Он спохватился, что залетит слишком далеко, и перебросил тумблер. На экране вспыхнуло Солнце. Иван проверил ориентацию бота, покачал головой и включил передний отражатель.
Мануш закрыла за собой дверь каюты и опустилась на диванчик.
– Алик… Ты только подумай: всего месяц – и дома! Я целый месяц буду гулять по проспекту Баграмяна, как девчонка! А потом на Севан поедем…
– Па-а-аслушай, дорогая! – вскипел Казарян. – Какой Севан, какой проспект? Ты понимаешь, что говоришь, а? Это они могут так говорить, геологи-биологи всякие, они свое дело сделали, везут, понимаешь, свой саксаул и свои булыжники! Да! Вот они сидят, пластинки проявляют – это они нам одолжение делают! – Он взмахнул рукой и забегал по каюте. – Ты понимаешь, понимаешь, а? Казаряну делают одолжение! Ладно, хорошо, Казарян не гордый, ему не тяжело спасибо сказать, Казарян умеет уважать людей! Но, между прочим, это Казаряна работа, а не геологов-биологов! Как это так Казарян бросит работу, не выполнит задания? Ты меня первая уважать перестанешь, я сам себя уважать перестану, я небритый ходить буду, па-атаму что постыжусь к зеркалу подойти, понимаешь…

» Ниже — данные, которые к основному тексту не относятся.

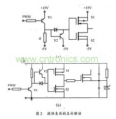 功率MOSFET屬于電壓型控制器件,只要柵極和源極之間施加的電壓超過(guò)其閾值電壓就會(huì)導(dǎo)通。由于MOSFET存在結(jié)電容,關(guān)斷時(shí)其漏源兩端電壓的突然上升將會(huì)通過(guò)結(jié)電容在柵源兩端產(chǎn)生干擾電壓。常用的互補(bǔ)驅(qū)動(dòng)電路的關(guān)斷回路阻抗小,關(guān)斷速度較快,但它不能提供負(fù)壓,故其抗干擾性較差。為了提高電路的抗干擾性,可在此種驅(qū)動(dòng)電路的基礎(chǔ)上增加一級(jí)由V1、V2、R組成的電路,產(chǎn)生一個(gè)負(fù)壓,電路原理圖如圖2(a)所示。

– Ты говоришь «задание», да? А я говорю: моему отцу сейчас семьдесят девять лет! Моей матери семьдесят пять! Если мы вернемся через месяц, мы их застанем живыми, мы почтим их старость, сделаем ее легкой и светлой. А через десять лет? Застанем мы их через десять лет?
– Послушай, Мануш… Я глубоко уважаю Ованеса Петросовича. Я уважаю и люблю Веру Степановну, как родную маму люблю… Любить и уважать родителей – наш долг, да? Перед ними долг. А долг перед Землей, а? Мое дело – мой долг перед людьми. На кого я похож буду, если все брошу, а через десять лет прилетит Альтманис и скажет: «Да-арагой, успокойся, не переживай, я за тебя все сделал!» А что он сделает, а? Он не астрометрист, я астрометрист, понимаешь? Я! Может, самый лучший на Земле. Почему, думаешь, меня послали? А за меня работу будет делать Альтманис, да? Нет!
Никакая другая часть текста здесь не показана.